The base data for such maps, the "polygons" that define the country, the states, the districts and even the talukas ( or sub-divisions) is available from an organisation called Global Administrative Areas or gadm.org. Country level files for almost all countries are available in a variety of formats including R and these are at three different levels. For India, these files can be downloaded as IND_admN.RData where N = 1,2,3. These will form the raw data from which we will create our maps.

Working with R, we will need two R packages :

# Load required libraries
library(sp)
library(RColorBrewer)

Assuming that the downloaded RData file is located in the R working directory, the following code will generate a basic India showing the states

# load level 1 india data downloaded from http://gadm.org/country
load("IND_adm1.RData")
ind1 = gadm

# simple map of India with states drawn
# unfortunately, Kashmir will get truncated
spplot(ind1, "NAME_1", scales=list(draw=T), colorkey=F, main="India")
Now suppose there is some data ( economic, demographic or whatever ...) and we wish to colour each state with a colour that represents this data.

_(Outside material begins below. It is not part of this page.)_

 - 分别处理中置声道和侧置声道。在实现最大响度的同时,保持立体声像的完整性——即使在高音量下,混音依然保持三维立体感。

We simulate this scenario by assigning a random number ( between 0 and 1) to each state and then defining the RGB colour of this region with a very simple function that converts the data into a colour value. [ This idea borrowed from gis.stackexchange ]

# map of India with states coloured with an arbitrary fake data
ind1$NAME_1 = as.factor(ind1$NAME_1)
ind1$fake.data = runif(length(ind1$NAME_1))
spplot(ind1,"NAME_1",  col.regions=rgb(0,ind1$fake.data,0), colorkey=T, main="Indian States")

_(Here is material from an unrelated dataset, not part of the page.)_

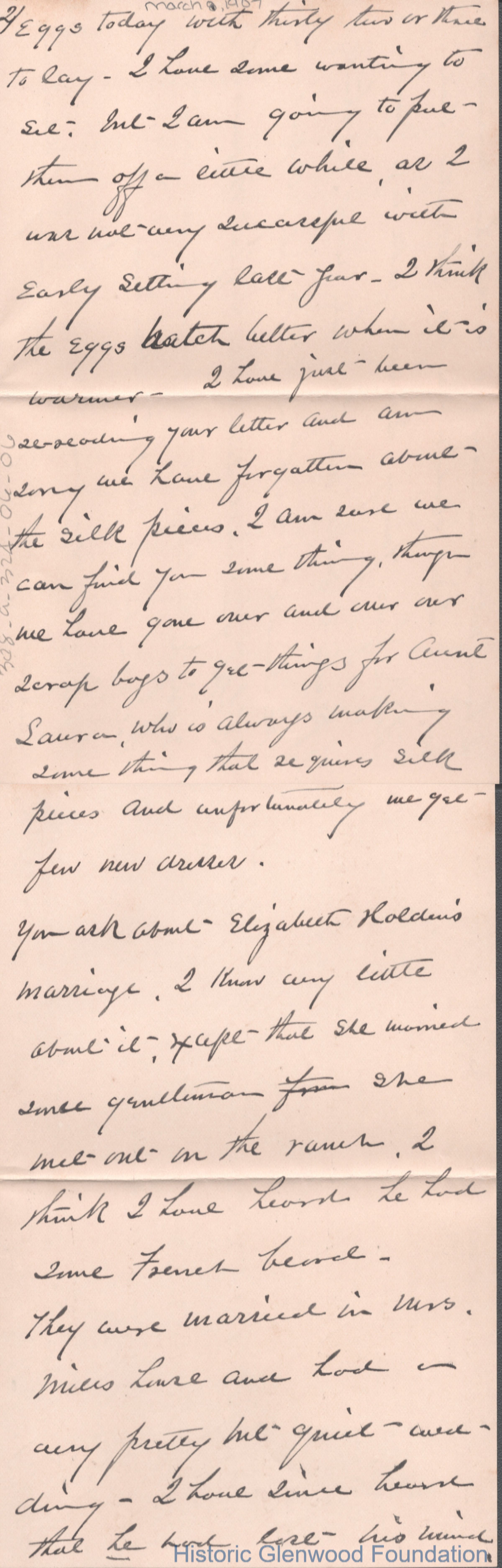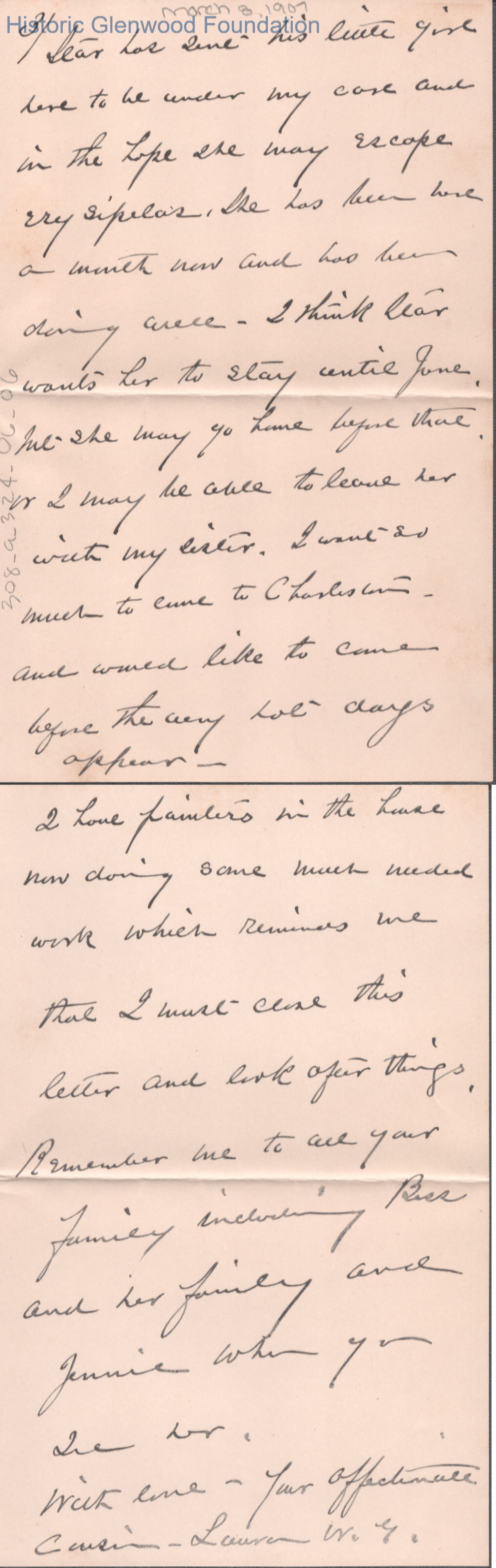 Eight-page letter to Lucy W. Summers from Laura W. Gallaher, Mar 8, 1907.

Now let us draw the map of any one state. First check the spelling of each state by listing the states:
ind1$NAME_1

and then executing these commands :
# map of West Bengal ( or any other state )
wb1 = (ind1[ind1$NAME_1=="West Bengal",])
spplot(wb1,"NAME_1", col.regions=rgb(0,0,1), main = "West Bengal, India",scales=list(draw=T), colorkey =F)

# map of Karnataka ( or any other state )
kt1 = (ind1[ind1$NAME_1=="Karnataka",])
spplot(kt1,"NAME_1", col.regions=rgb(0,1,0), main = "Karnataka, India",scales=list(draw=T), colorkey =F)


If we want to get and map district level data then we need to use the level 2 data as follows :

# load level 2 india data downloaded from http://gadm.org/country
load("IND_adm2.RData")
ind2 = gadm

and then plot the various districts as

# plotting districts of a State, in this case West Bengal
wb2 = (ind2[ind2$NAME_1=="West Bengal",])
spplot(wb2,"NAME_1", main = "West Bengal Districts", colorkey =F)


To identify each district with a beautiful colour we can use the following commands :
# colouring the districts with rainbow of colours
wb2$NAME_2 = as.factor(wb2$NAME_2)
col = rainbow(length(levels(wb2$NAME_2)))
spplot(wb2,"NAME_2",  col.regions=col, colorkey=T)

As in the case of the states, we can assume that each district has some (economic or demographic) data and we wish to colour the districts according to the intensity of this data, then we can use the following code :

# colouring the districts with some simulated, fake data
wb2$NAME_2 = as.factor(wb2$NAME_2)
wb2$fake.data = runif(length(wb2$NAME_1)) 
spplot(wb2,"NAME_2",  col.regions=rgb(0,wb2$fake.data, 0), colorkey=T)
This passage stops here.